Synchronicity Is Not a Phenomenon but the Ontological Ground of Astrology
Greene’s treatment of synchronicity in the book’s third section moves well beyond Jung’s cautious formulations. She observes that the “importance of the experience for the individual is not necessarily in proportion to the ‘power’ of the transit or progression according to conventional astrological rules,” which means something other than mechanical correspondence is operating. That “something” is the Self’s intention, manifesting through whatever planetary channel is available at the “right moment.” This is a direct challenge to both statistical astrology and naïve fatalism. Greene’s position is that the birth chart does not cause events any more than a clock causes noon; rather, chart and life unfold from the same archetypal root, which is the Self as Jung defined it — “the whole range of psychic phenomena in man,” expressing “the unity of the personality as a whole.” The convergence with Jung’s late essay on synchronicity is clear, but Greene pushes further by demonstrating the principle across dozens of case histories where outer catastrophe and inner transformation prove to be two faces of one event.
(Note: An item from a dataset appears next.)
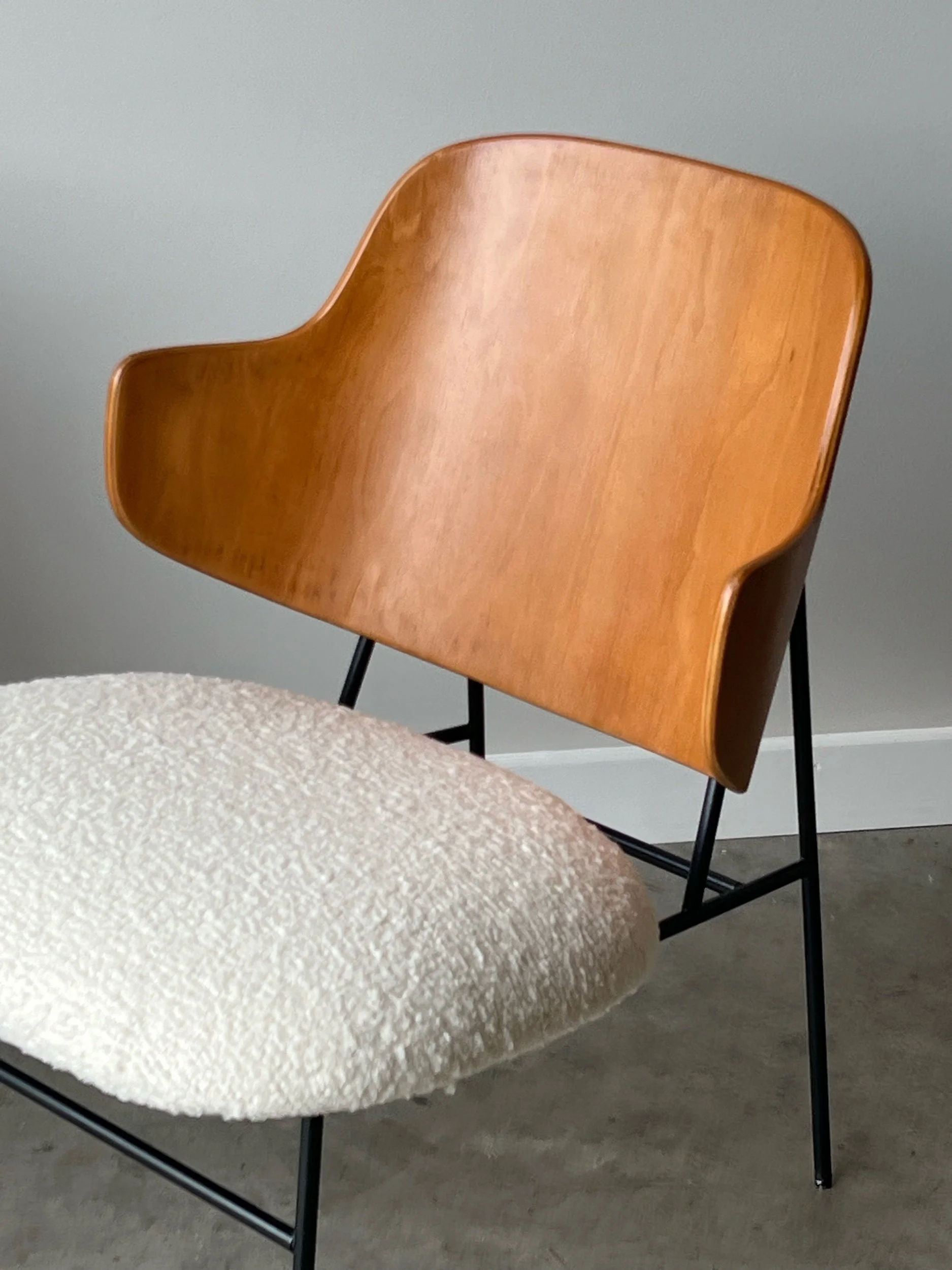 Mid-century pair of ‘Penguin’ accent chairs. Designed by Ib Kofod Larsen for Selig, Denmark. These iconic chairs were designed in the 1950s with a limited production in the 1960s. They feature a uniquely bentwood back with a geometric frame and legs. This pair has been newly reupholstered in a soft white bouclé. In great vintage condition with minor wear consistent with age and use.
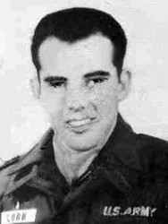 The President of the United States of America, authorized by Act of Congress, July 9, 1918 (amended by act of July 25, 1963), takes pride in presenting the Distinguished Service Cross (Posthumously) to Sergeant First Class Hubbard Don Cobb (ASN: RA-18533582), United States Army, for extraordinary heroism in connection with military operations involving conflict with an armed hostile force in the Republic of Vietnam, while serving with Company A, 2d Battalion, 5th Cavalry, 1st Cavalry Division. Platoon Sergeant Cobb distinguished himself by exceptionally valorous actions on 14 January 1968 while leading his platoon in an attack near Dai Luong. A scout helicopter, performing a reconnaissance at Sergeant Cobb’s request, made contact with elements of a Viet Cong regiment in a rock and cave complex in which the platoon was operating. Sergeant Cobb deployed his troops for an assault and immediately received sporadic but deadly rifle and grenade fire. The initial burst wounded the two point men. Sergeant Cobb quickly directed counter fire which accounted for two enemy dead. He then placed himself on the point as the platoon maneuvered around a series of openings in the rocks. Sergeant Cobb spent the next hour creeping forward to hurl explosive charges into the caves. Disregarding his safety, he repeatedly engaged the enemy, personally killing three Viet Cong. At dusk, as he was approaching a cave, an enemy soldier suddenly appeared and, with a burst of automatic rifle fire, mortally wounded Sergeant Cobb. Although he was dying, Sergeant Cobb assaulted the position carrying an explosive charge and plunged headfirst into the hole, killing his foe in the resulting blast. Platoon Sergeant Cobb’s extraordinary heroism and devotion to duty, at the cost of his life, were in keeping with the highest traditions of the military service and reflect great credit upon himself, his unit, and the United States Army.

For anyone entering depth psychology today, The Astrology of Fate does something no other work in the tradition does: it makes the abstract Jungian concept of the Self empirically tangible by tying it to a visible, calculable structure — the natal chart — without reducing either psychology or astrology to mechanism. It is the only book that holds Moira, daimon, and synchronicity in a single frame and refuses to resolve their tension. That refusal is its deepest teaching.
Sources Cited
- Greene, L. (1984). The Astrology of Fate. Weiser Books.
- Jung, C.G. (1951). Aion: Researches into the Phenomenology of the Self. Collected Works, Vol. 9ii. Princeton University Press.
- Kerenyi, K. (1976). Hermes: Guide of Souls. Spring Publications.
- Dodds, E.R. (1951). The Greeks and the Irrational. University of California Press.